Like a ship during a storm, Canek Aguirre wants to guide Alexandria to more equitable waters.

The trick, though, is through proper communication.

Aguirre, a Democrat, is the city’s first Hispanic member of City Council, and isn’t shy about his biggest accomplishment — chairing Alexandria’s 2020 Census Complete Count Committee, which oversaw a 100% count of all households. That, he says, means hundreds of millions of dollars that wind into the city’s coffers over the next decade — made possible because of his connections with groups like Tenants and Workers United and Casa Chirilagua in Arlandria.

“A lot of times people aren’t gonna be able to see it, but it’s gonna be there,” Aguirre told ALXnow. “It’s for our schools, it’s for our roads, for our businesses and our families.”

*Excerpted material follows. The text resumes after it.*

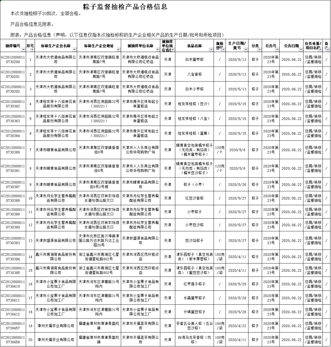 端午节前夕,根据《中华人民共和国食品安全法》和《食品安全抽样检验管理办法》等规定,我委组织开展粽子监督抽检,共抽检粽子样品20批次,全部合格。

Aguirre has raised $30,105 for his campaign, as of March 31, putting him in fourth place on the fundraising leaderboard in the Council race behind Alyia Gaskins. He stands in third place in cash on-hand with $20,724, behind Councilman John Taylor Chapman, who has $53,495.

Aguirre says all options need to be looked at to solve the city’s affordable housing woes, including colocating housing on school grounds, which is a controversial issue.

“People have to understand this isn’t a suburban area anymore,” he said. “Maybe 30 years ago it was, but we are definitely in an urban area. It is irresponsible for us as elected leaders to not be looking at colocation, whether it’s a gym, a pool space for DCHS or affordable housing.”

Aguirre continued, “To the folks that always talked about, ‘Oh, how can you possibly imagine putting housing on the same site as schools?’ Private schools literally have staff live on campus. They might live in the building next to the kids. They might live in the same building those kids. On top of that, you look at our schools across the street from housing, sometimes from million dollar homes, sometimes from public housing.”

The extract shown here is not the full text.